Because client-side JavaScript frameworks are so popular, it’s impossible to rule React out of any front-end discussion. React is a component-based JS library, and much of the discussion above applies to React as well. I’ll discuss some of the technical details and challenges surrounding the React Micro front end.

style

Because there should be minimal code sharing between any micro-front ends, styling the React component can be challenging given the global and cascading nature of CSS. We should make sure that styles are specific to a particular microfront and don’t spill over to other microfronts. Radium and CSS Modules can be used with React.

Redux

In today’s front-end world, using React with Redux is the norm. The convention is to use Redux as a single global store for the entire application for cross-application communication. The microfront end should be independent and have no dependencies. Therefore, each microfront-end should have its own Redux storage, moving toward a multi-REDUx storage architecture.

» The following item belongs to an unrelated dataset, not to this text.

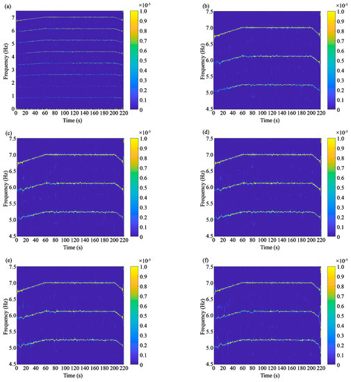 TFR techniques offer another approach to sharpening the time-frequency representation while keeping the temporal localization and can extract improved frequency resolution [,]. Based on the STFT frame, the implementation process is as follows.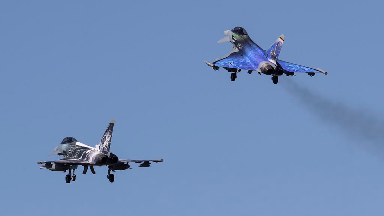 Gleich zwei bunte Eurofighter wollte die Luftwaffe dem geneigten Publikum auf der ILA in Berlin vorstellen. Die Corona-Pandemie machte der Sache einen Strich durch die Rechnung – die Messe wurde abgesagt. Doch die Beteiligten am Fliegerhorst Nörvenich ließen sich davon nicht beirren: Sie hüllten die beiden Kampfjets trotzdem in bunte Folie. Dass das eine gute Entscheidung war, beweisen die fertig folierten Jets auf den ersten Blick. Beide zeigten sich nun erstmals öffentlich. Verstecken müssen sie sich nicht.

Other noteworthy integration approaches

  • Server-side rendering

    A microfront-end template can be assembled using a server and then rendered to a browser. SSI techniques can also be used.

  • iframes

    Each microfront can be an IFrame. They also provide a good degree of isolation in terms of style, and global variables do not interfere with each other.

summary

With microservices, the microfront end promises many benefits for building complex applications, as well as for development, deployment, and maintenance.

There is a famous saying: “There is no one-size-fits-all approach that anyone can offer you. The same hot water that softens a carrot hardens an An egg.” The micro front section is good, but it doesn’t solve all architectural problems, and it has its drawbacks. As more repositories, tools, build/deploy, servers need to be maintained. Microfrontend can also add complexity to an application. It is difficult to establish communication across applications, and the duplication of dependencies magnifies the size of the program.

Whether or not to adopt a micro-front-end architecture depends on many factors. Such as the size of the organization and the complexity of the application. Whether it is a new project or a legacy large code base, it is recommended that this technique be applied gradually over time and checked to see if it works.